◆ **WORK INSTRUCTIONS**
Transcribe, word for word and without additions, each line below from the one containing "Tout en légèreté" through the one containing "-. Binding : Misc.", both ends included.

**** GIVEN DATA

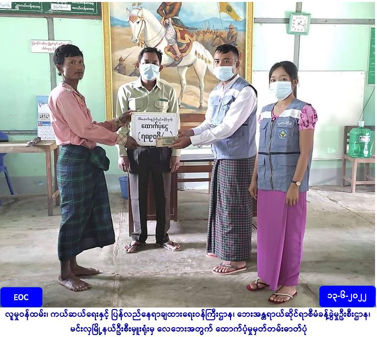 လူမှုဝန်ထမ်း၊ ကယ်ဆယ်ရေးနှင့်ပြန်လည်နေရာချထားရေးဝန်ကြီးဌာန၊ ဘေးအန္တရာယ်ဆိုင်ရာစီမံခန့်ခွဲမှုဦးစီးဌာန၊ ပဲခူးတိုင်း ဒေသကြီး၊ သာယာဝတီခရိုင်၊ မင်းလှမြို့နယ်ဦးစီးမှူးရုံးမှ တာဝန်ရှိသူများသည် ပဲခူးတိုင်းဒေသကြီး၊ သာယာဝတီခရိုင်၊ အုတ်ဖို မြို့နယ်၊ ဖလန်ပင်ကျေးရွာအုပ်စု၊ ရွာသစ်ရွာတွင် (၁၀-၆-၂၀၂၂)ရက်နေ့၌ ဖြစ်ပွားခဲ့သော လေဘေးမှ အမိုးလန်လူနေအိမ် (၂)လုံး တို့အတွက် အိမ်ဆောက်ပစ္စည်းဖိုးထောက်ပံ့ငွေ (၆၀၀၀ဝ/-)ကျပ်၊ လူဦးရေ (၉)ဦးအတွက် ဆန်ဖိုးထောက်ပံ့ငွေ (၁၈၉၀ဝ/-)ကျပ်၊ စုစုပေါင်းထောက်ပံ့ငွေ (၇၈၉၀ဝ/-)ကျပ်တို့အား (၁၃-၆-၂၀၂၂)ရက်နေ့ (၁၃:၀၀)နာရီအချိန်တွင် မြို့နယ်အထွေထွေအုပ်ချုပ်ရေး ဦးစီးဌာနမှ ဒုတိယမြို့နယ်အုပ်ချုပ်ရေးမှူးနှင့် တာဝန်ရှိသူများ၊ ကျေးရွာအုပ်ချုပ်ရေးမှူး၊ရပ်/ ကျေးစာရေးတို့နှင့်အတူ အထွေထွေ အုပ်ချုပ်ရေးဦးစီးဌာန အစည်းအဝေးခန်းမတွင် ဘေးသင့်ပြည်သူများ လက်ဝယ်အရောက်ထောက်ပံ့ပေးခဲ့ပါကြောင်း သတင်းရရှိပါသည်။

********
**** GIVEN DATA

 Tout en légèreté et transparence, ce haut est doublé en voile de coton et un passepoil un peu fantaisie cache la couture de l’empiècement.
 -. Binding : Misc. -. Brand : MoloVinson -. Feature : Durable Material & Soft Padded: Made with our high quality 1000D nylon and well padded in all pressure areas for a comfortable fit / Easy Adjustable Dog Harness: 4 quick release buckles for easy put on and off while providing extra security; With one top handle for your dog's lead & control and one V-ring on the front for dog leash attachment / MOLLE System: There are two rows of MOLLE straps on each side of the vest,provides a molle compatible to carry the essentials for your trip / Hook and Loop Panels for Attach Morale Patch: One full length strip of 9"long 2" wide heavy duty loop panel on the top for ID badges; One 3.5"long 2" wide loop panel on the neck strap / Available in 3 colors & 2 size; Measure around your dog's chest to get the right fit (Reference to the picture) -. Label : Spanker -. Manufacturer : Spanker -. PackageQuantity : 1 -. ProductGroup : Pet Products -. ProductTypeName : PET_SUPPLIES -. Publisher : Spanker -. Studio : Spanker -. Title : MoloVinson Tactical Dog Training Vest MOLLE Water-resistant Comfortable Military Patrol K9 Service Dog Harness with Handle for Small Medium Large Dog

********
**** GIVEN DATA

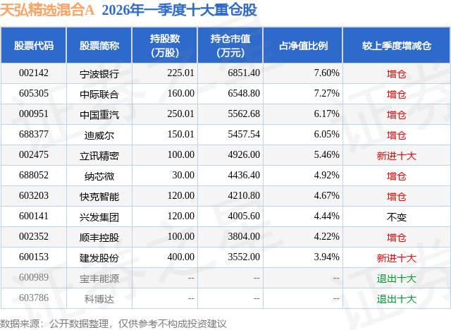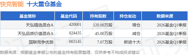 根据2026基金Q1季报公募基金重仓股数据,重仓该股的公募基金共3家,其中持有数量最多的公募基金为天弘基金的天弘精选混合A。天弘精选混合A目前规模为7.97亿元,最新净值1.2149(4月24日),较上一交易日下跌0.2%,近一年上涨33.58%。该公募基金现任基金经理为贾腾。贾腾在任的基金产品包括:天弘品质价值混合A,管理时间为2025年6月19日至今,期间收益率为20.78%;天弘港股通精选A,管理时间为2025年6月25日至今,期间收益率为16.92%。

********

◆ **RESPONSE TO THIS TASK**
 Tout en légèreté et transparence, ce haut est doublé en voile de coton et un passepoil un peu fantaisie cache la couture de l’empiècement.
 -. Binding : Misc. -. Brand : MoloVinson -. Feature : Durable Material & Soft Padded: Made with our high quality 1000D nylon and well padded in all pressure areas for a comfortable fit / Easy Adjustable Dog Harness: 4 quick release buckles for easy put on and off while providing extra security; With one top handle for your dog's lead & control and one V-ring on the front for dog leash attachment / MOLLE System: There are two rows of MOLLE straps on each side of the vest,provides a molle compatible to carry the essentials for your trip / Hook and Loop Panels for Attach Morale Patch: One full length strip of 9"long 2" wide heavy duty loop panel on the top for ID badges; One 3.5"long 2" wide loop panel on the neck strap / Available in 3 colors & 2 size; Measure around your dog's chest to get the right fit (Reference to the picture) -. Label : Spanker -. Manufacturer : Spanker -. PackageQuantity : 1 -. ProductGroup : Pet Products -. ProductTypeName : PET_SUPPLIES -. Publisher : Spanker -. Studio : Spanker -. Title : MoloVinson Tactical Dog Training Vest MOLLE Water-resistant Comfortable Military Patrol K9 Service Dog Harness with Handle for Small Medium Large Dog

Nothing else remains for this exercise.